Speaker
Description
Digital Light Processing (DLP) is a 3D printing method that offers enhanced precision, quicker print times, increased throughput, and better cell viability by minimizing shear stress compared to extrusion-based bioprinting, which depends on mechanical nozzle deposition and tends to be slower with lower resolution. These advantages make it particularly well-suited for fabricating complex tissue structures. We have utilized this technology to fabricate knee meniscal constructs and corneal stroma equivalents (CSE). With Gelatin methacryloyl (GelMA) as the base material for both, we employed two different second crosslinking methods for each of these tissues to achieve the desired properties mimicking the native tissues. For printing meniscal constructs, we employed a post-printing crosslinking with tannic acid. The secondary tannic acid (TA) crosslinking not only resulted in mechanical properties closer to the native meniscal tissue (~200 kPa) but also showed excellent anti-bacterial, anti-oxidant and immunomodulatory properties. TA crosslinking did not affect the chondrogenic potential of GelMA, aided the differentiation of human Mesenchymal Stromal Cells (hMSCs) into chondrocytes. In addition, the anti-inflammatory cytokines such as IL-4, TGF-β1, and IL-10 were upregulated and the pro-inflammatory cytokines such as TNFα, MCP1, and IFNγ were down regulated when macrophages were cultured on TA-crosslinked constructs.

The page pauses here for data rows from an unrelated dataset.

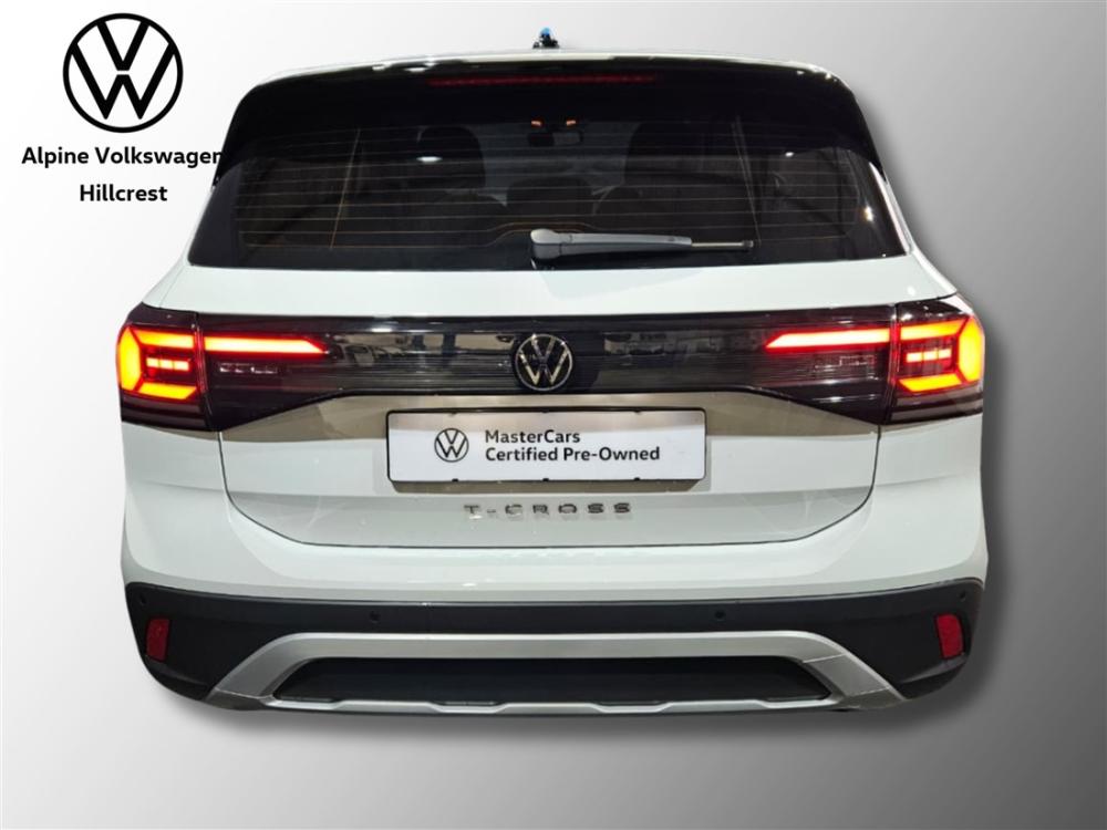 R389 990 R8 406 pmiRef: 333414/1 Drive away in confidence with this stylish Volkswagen T-Cross 1.0 TSI DSG – a compact SUV that perfectly combines performance, comfort and modern technology. Under the bonnet is a lively 1.0-litre turbocharged TSI engine producing 85kW and 200Nm of torque, paired to a smooth-shifting DSG dual-clutch transmission. The result is responsive acceleration, seamless gear changes and impressive fuel efficiency of approximately 5.4L/100km – ideal for both urban driving and longer journeys. This model features 16-inch alloy wheels and comes well equipped with LED headlights, a multifunction steering wheel, cruise control, touchscreen infotainment system with App-Connect, Bluetooth connectivity, USB interface, air conditioning, electric windows and mirrors, remote central locking, ABS, ESC and multiple airbags. The elevated seating position and versatile boot space ensure practicality without compromising on comfort. Enjoy added peace of mind with the balance of the 3-year/120 000km warranty and 3-year/45 000km service plan. Contact Alpine VW Hillcrest today to arrange your viewing and test drive. Experience quality, reliability and value in one exceptional package. Advertised price is subject to in house finance.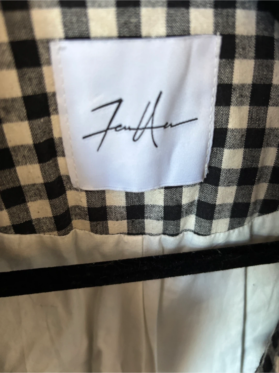 Chic Jaffa trench coat with a classic black and white gingham pattern. Features a white lining and button closure. 100% cotton material.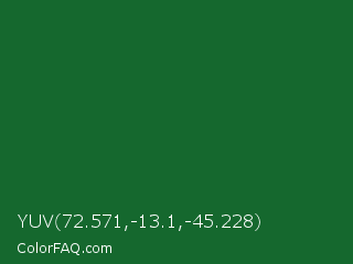 YUV 72.571,-13.1,-45.228 Color is a dark green color and the nearest color is Jewel #126b40. Hex code #15682e and RGB value is rgb(21,104,46). In RGB color space, this color is composed of 8% red, 41% green, 18% blue, In CMYK color space, this color is composed of 80% cyan, 0% magenta, 56% yellow , 59% black , In HSL color space, this color has a hue angle of 138° , 66% saturation and 25% lightness.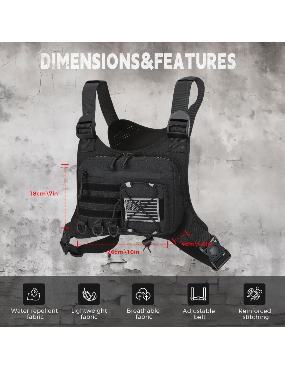 - Ajustable y se adapta a personas más grandes. Dos correas para los hombros son ajustables, por lo que la bolsa de pecho puede ser utilizada por hombres y mujeres de diferentes tamaños. Y las correas alrededor de la cintura son elásticas y ajustables también, con el objetivo de que todas las personas disfruten de esta mochila de pecho.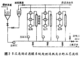 ①膜系統的工藝流程圖2是按照圖1(c)的概念而設計的多段連續過濾膜系統工藝流程的一個便子。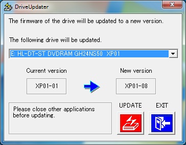 電源投入後、ドライブの認識は問題ありませんでした。私は中古・ジャンクで入手したら、とりあえず、ファームウェアがアップデートされているかチェックを行います。LGのHPを見るとVer.が上がっているようですね。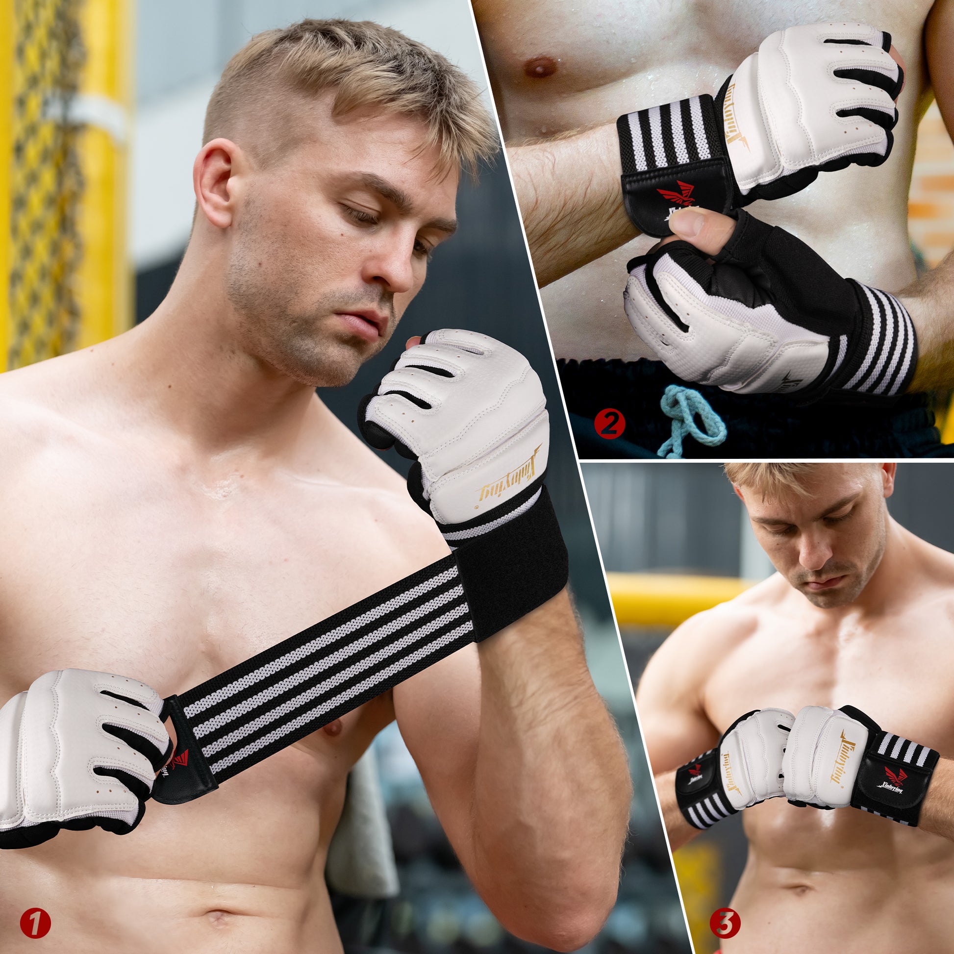 Xinluying Punch Bag MMA Gloves Half Finger Adjustable Mitts Wrist Support Boxing Gloves Open Palms for Sparring Martial Arts Taekwondo Punching Bag Training for Men Women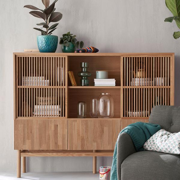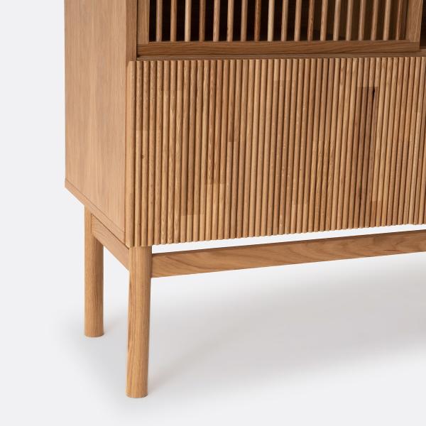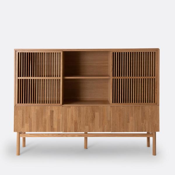 Plus urbain, plus contemporain, on aime tout dans le vaisselier Pilpao : le jeu de rainures et de barreaux sur ses portes, ses espaces de rangement...

We utilized Schiff’s base reaction as the secondary crosslinking method for printing of corneal constructs, by adding oxidized carboxy methyl cellulose (OxiCMC) to GelMA. DLP printing not only enabled printing of 6 constructs in 20 minutes with the corneal anisotropy included but also achieved the desirable properties of an ideal CSE. GelMA-OxiCMC bioink had a compressive modulus of ~110 kPa which is in the range of corneal modulus, exhibiting greater than 90% optical transmittance at 500nm. The human corneal keratocytes showed >94% viability post-printing, maintained their stellate morphology, and expressed characteristic markers such as keratocan and lumican.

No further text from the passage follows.